### DATA EXTRACT
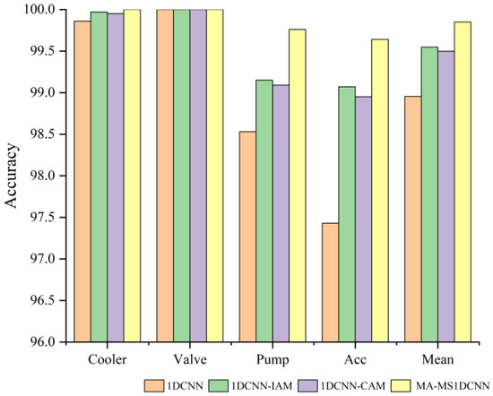 Figure 12 shows that the 1DCNN-IAM and 1DCNN-CAM methods obtained better fault diagnosis performance compared to the 1DCNN method, which indicates that the IAM and CAM can optimize the features based on the importance and correlation information of the channels, and this improved the accuracy of fault diagnosis. Note that the MA-MS1DCNN, which integrates two attention modules, exhibited optimal performance in all diagnostic tasks. These results suggest that fusing different levels of information in the process of constructing the channel attention can enrich and deepen the feature characterization and further improve the effectiveness of the feature extraction process.
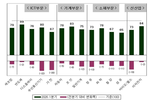 한편, 1분기 제조업 매출 현황 BSI는 79로 전 분기보다 7포인트 하락했다. 철강(67·-11포인트), 섬유(65·-11포인트) 등 소재 부문 업종을 중심으로 부진세가 이어졌고, 무선통신기기(80·-22포인트), 가전(67·-20포인트), 바이오ㆍ헬스(73·-19포인트), 정유(73·-13포인트), 일반기계(75·-12포인트), 철강(67·-11포인트), 섬유(65·-11포인트) 등 대부분 업종이 하락했다.
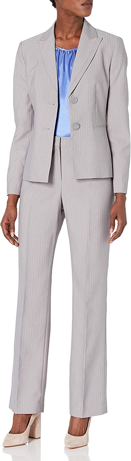 Fabric type: 100% polyester Style: Pinstripe 2 Button Jacket Pant Suit Note: Dry cleaning only Pinstripe 2 button
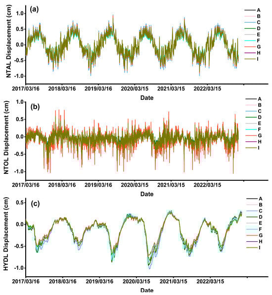 Time−series deformation of surface mass loading at deformation sampling points in each key land subsidence area. A−I represent sample points located in key land subsidence areas. A positive displacement represents vertical upward uplift deformation, and a negative displacement represents vertical downward land subsidence deformation. (a) Non−tidal atmospheric loading deformation, (b) non−tidal ocean loading deformation, (c) hydrological loading deformation. The time resolution of non−tidal atmospheric load deformation and non-tidal ocean deformation data is 3 h, and the time resolution of hydrological load deformation data is 24 h.

### INSTRUCTIONS FOR THE TASK
Nothing but the lines from the first line of the data through the line with "Fabric type: 100%" belongs in the answer, copied exactly and without pictures.

### SOLUTION FOR THIS EXERCISE
 Figure 12 shows that the 1DCNN-IAM and 1DCNN-CAM methods obtained better fault diagnosis performance compared to the 1DCNN method, which indicates that the IAM and CAM can optimize the features based on the importance and correlation information of the channels, and this improved the accuracy of fault diagnosis. Note that the MA-MS1DCNN, which integrates two attention modules, exhibited optimal performance in all diagnostic tasks. These results suggest that fusing different levels of information in the process of constructing the channel attention can enrich and deepen the feature characterization and further improve the effectiveness of the feature extraction process.
 한편, 1분기 제조업 매출 현황 BSI는 79로 전 분기보다 7포인트 하락했다. 철강(67·-11포인트), 섬유(65·-11포인트) 등 소재 부문 업종을 중심으로 부진세가 이어졌고, 무선통신기기(80·-22포인트), 가전(67·-20포인트), 바이오ㆍ헬스(73·-19포인트), 정유(73·-13포인트), 일반기계(75·-12포인트), 철강(67·-11포인트), 섬유(65·-11포인트) 등 대부분 업종이 하락했다.
 Fabric type: 100% polyester Style: Pinstripe 2 Button Jacket Pant Suit Note: Dry cleaning only Pinstripe 2 button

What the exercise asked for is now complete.